There are lots of fun attractions in that area. Xelha is a great fun snorkeling park, and is just a tad bit further than Puerto Aventura. 
Xcaret is a nature park, and is in Playa Del Carmen. There are buses from Cancun, and you can rent cars fairly cheaply. Alto menas STOP in Spanish. LOL. Xcaret is all all-day kind of place. Big. Snorkeling. Animals. Aquariums. Restaurants. A beach with drink service. 
There are famous Mayan ruins in Chitzen Itza, and Tulum. Both are a distance, but easily accessed by bus, or rental car. 
I'm sure there are things to do, including fishing, right in Cancun. I haven't stayed right in Cancun, but I've been to the Mayan Riviera several times. If you want a really remote, authentic shallow water fishing excursion, check out charters around Punta Allen. Budget extra time if you plan to go there for fishing, cuz the road is the worst road I've driven.


----------



## bb7813 (Feb 15, 2010)

if you don't mind taking a taxi to playa del carmen look up Roberto Navarro and do some vertical jigging for amber jack and Sailfish. also Wasabi Loco an American who charters out of Playa ,cant go wrong with either one


----------



## WILDCATWICK (Mar 11, 2002)

Thanks guys. I got a recommendation from the owner of the fly shop I guide out of. I booked with Marco Ruz of Yucatan Fly Fishing Adventures. All contact is though Flywatertravel.com . They sent a complete itinerary that included every little detail you can think of. Flies to bring (If you want), rods, different types of line recommendations, and even what tip ranges one should use. I'm impressed with the organization and professionalism. 

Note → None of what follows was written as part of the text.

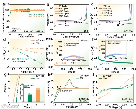 图5:a) 在2 mA cm−2(1 mAh cm−2)电流密度下Zn||Ti半电池的库仑效率(CE);b,c) Zn||Ti半电池的电压-容量曲线;d) Ga3++ZSO和ZSO电解液的活化能;e,f) 在Ga3++ZSO和ZSO电解液中Zn2+迁移数的评估;g) Ga3++ZSO和ZSO电解液的离子电导率比较;h) Zn||Ti半电池在5.0 mV s−1的CV曲线;i) Zn||Zn对称电池的CV曲线。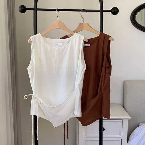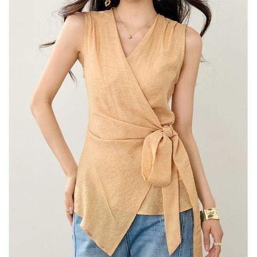 [신상오픈런]여자 여름 레이어드 랩 리본끈 핀턱 민소매 블라우스 (39383300)

We'll be doing the Isle Blanca trip. They'll pick us up at our resort and drive us a half hour to the boat. The mangroves and lagoon is a very short boat trip. Well be targeting baby tarpon mostly. Add in some bone fish and snook. I'll let you all know how the trip goes.


----------



## ramjet (Dec 19, 2003)

If you're bringing your own gear and want a fun few hours, there are barracuda in the Cancun lagoon. I had pretty decent success with some needlefish flies I tied (wire leader of course). Clouser Minnows (Chart/Wht) worked as well. Fish with a fast retrieve near the breaks in bottom cover, like the places where the weeds change and there's a spot of sandy bottom surrounded by weeds.

It's kind of fun (or at least interesting..) doing a Catch and Release sitting in a 12 foot kayak with a PO'd barracuda looking you right in the eye. It often starts to get windy later in the day. For that and other reasons (was usually on a flight leaving that afternoon), I tried to get out as early as the kayak guy was open (I'd make arrangements the day before). After a couple of these adventures, I actually made a small "sea anchor" that I could pitch out after I hooked a fish to stabilize the yak, turn my back to the wind and slow my progress while I unhooked fish.

Have a great trip, good time to get out of the 'Zoo and thaw out!





WILDCATWICK said:


> Thanks guys. I got a recommendation from the owner of the fly shop I guide out of. I booked with Marco Ruz of Yucatan Fly Fishing Adventures. All contact is though Flywatertravel.com . They sent a complete itinerary that included every little detail you can think of. Flies to bring (If you want), rods, different types of line recommendations, and even what tip ranges one should use. I'm impressed with the organization and professionalism.
> 
> 
> We'll be doing the Isle Blanca trip. They'll pick us up at our resort and drive us a half hour to the boat. The mangroves and lagoon is a very short boat trip. Well be targeting baby tarpon mostly. Add in some bone fish and snook. I'll let you all know how the trip goes.


----------



## Fishndude (Feb 22, 2003)

Make sure to confirm your reservation a week before you go, and again when you arrive. Just in case........


----------